Two months after the lackluster debut, Amazon marked down the cost of the phone to 99 cents with a two-year contract. In the third quarter, Amazon was forced to write off $170 million related to unsold inventory, signaling it had tons of devices sitting on warehouse shelves.
Developers were among the first to see how few devices Amazon sold, watching downloads — and revenue — trickle in.
A valuable but small customer base
To Amazon’s credit, the company continues to be proactive in reaching out to the developer community. On a regular basis, it provides tutorials and advice for how to launch applications on the platform. And since Amazon’s devices, including the Kindle Fire and Fire Phone, all run on a version of Android, it generally isn’t that hard for companies to adapt their existing app for the Fire Phone.
The Amazon App Store lists a total of 240,276 apps that support the device, so there’s no lack of selection (although very few of those apps take advantage of the phone’s unique attributes like Firefly and Dynamic Perspective).

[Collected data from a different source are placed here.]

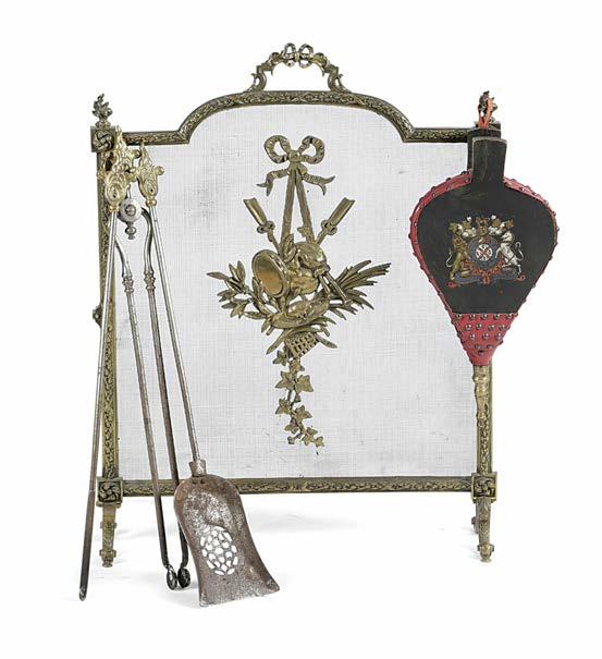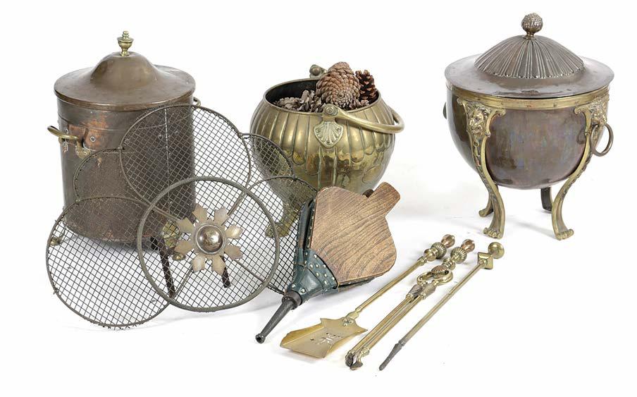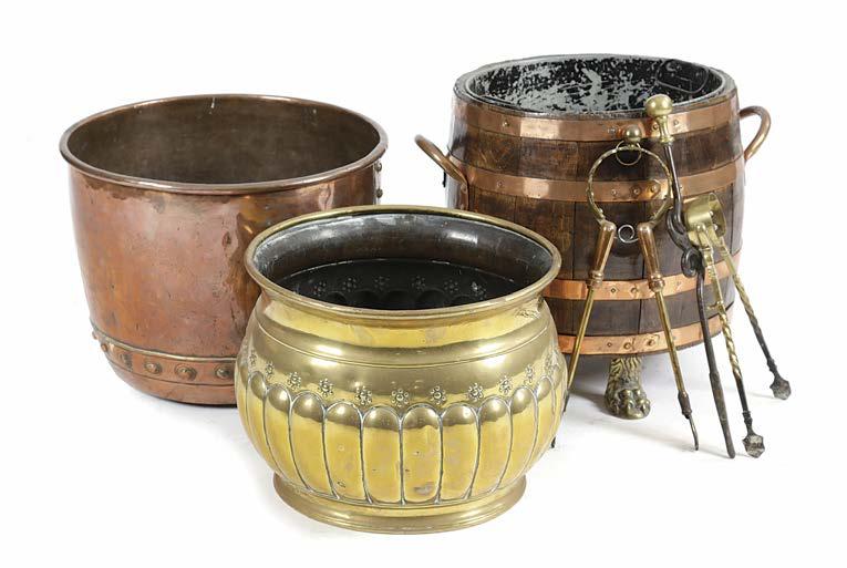 with lobed and flower decoration, together with a copper logbin, a copper and oak coopered example and three fire irons (6) 50cm high (max)
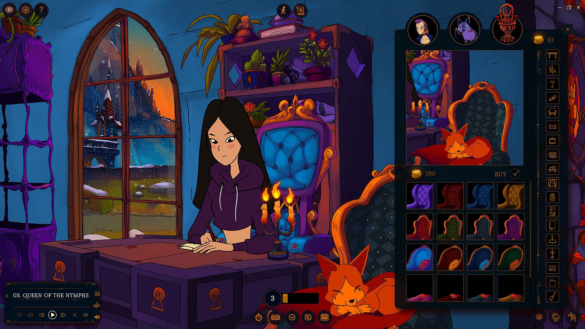 Style your avatar and your adorable shadow fox companion for that perfect cozy setup.​
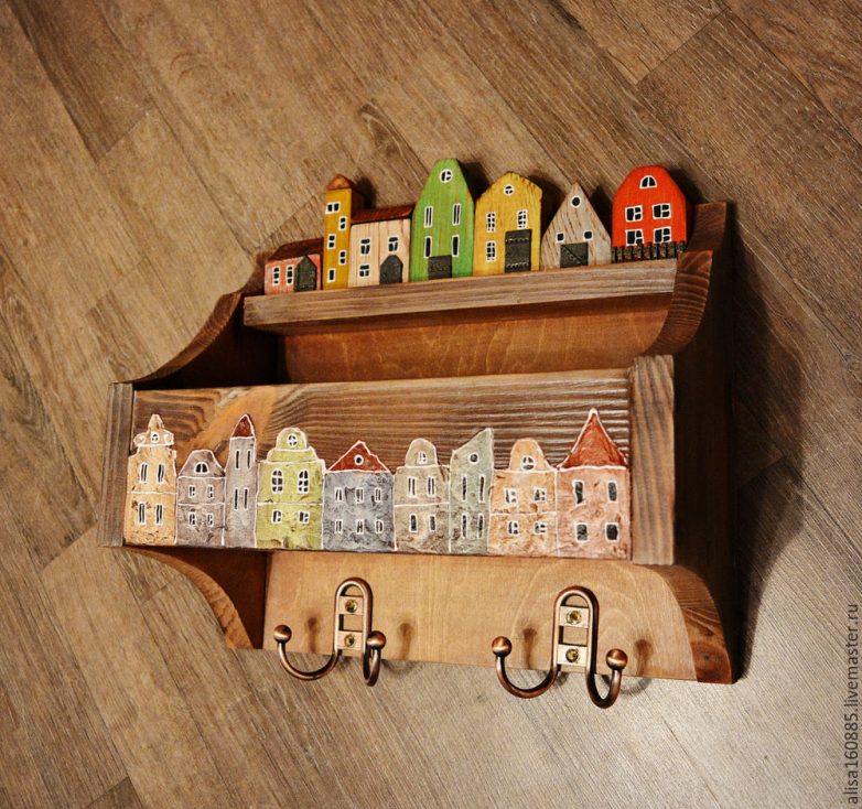 Такая полочка будет хранить ключи и важные мелочи и здорово облегчит жизнь хозяевам такого предмета интерьера.Также этот мастер-класс поможет своими руками сделать подарок для родных и близких, ведь скоро наступят новогодние праздники, так что самое время начать. Приступим.

Flynn, the mobile games adviser, agreed that Amazon’s customers are very valuable, noting that each user can generate five times as much as a typical Android user. “Their users are comfortable spending online. We’ve had some games make some decent revenue. It’s totally worth it. I always encourage [developers] to go ahead and put it on Amazon even though it’s a limited market. It’s a valuable user base,” he said.
Tyler Griffin, CEO and co-founder of mobile bill pay app Prism, said the company decided to create a version of its app for Fire Phone even though it only has a dozen employees. “There’s almost no work involved as a developer to get an app on the Fire,” he said. “It’s more surprising that more companies don’t do it…It’s not a big driver of growth, but they made it completely seamless.”
But it’s one thing to get developers to support the Fire phone by simply porting over a version from Android. It’s a completely different matter to build an app that leverages the device’s differentiating features, giving users a reason to choose Amazon’s phone over another Android device. One might take a day, whereas the other could take weeks.
Where Amazon heads next isn’t clear. In an interview last June, when the Fire Phone was unveiled, Amazon vice president Ian Freed vowed that Amazon was in the smartphone business for the long haul, describing it as a “multi-year, multi-decade” initiative for the company. Freed, who oversaw marketing for the device, has since taken a sabbatical as part of a shakeup of the Fire Phone team.
Repairing relationships with developers is on a long list of items that need to be addressed before launching another device. Other platforms have faced similar circumstances, and have resorted to guaranteeing revenue or paying for the development of the app to get developers interested. None of the Fire Phone app developers we spoke with for this story had received offers to build an app for the next device.
“It was a tough sell the first time,” said Flynn. “I still think there will be interest out there; [Amazon] just has to follow-up correctly.”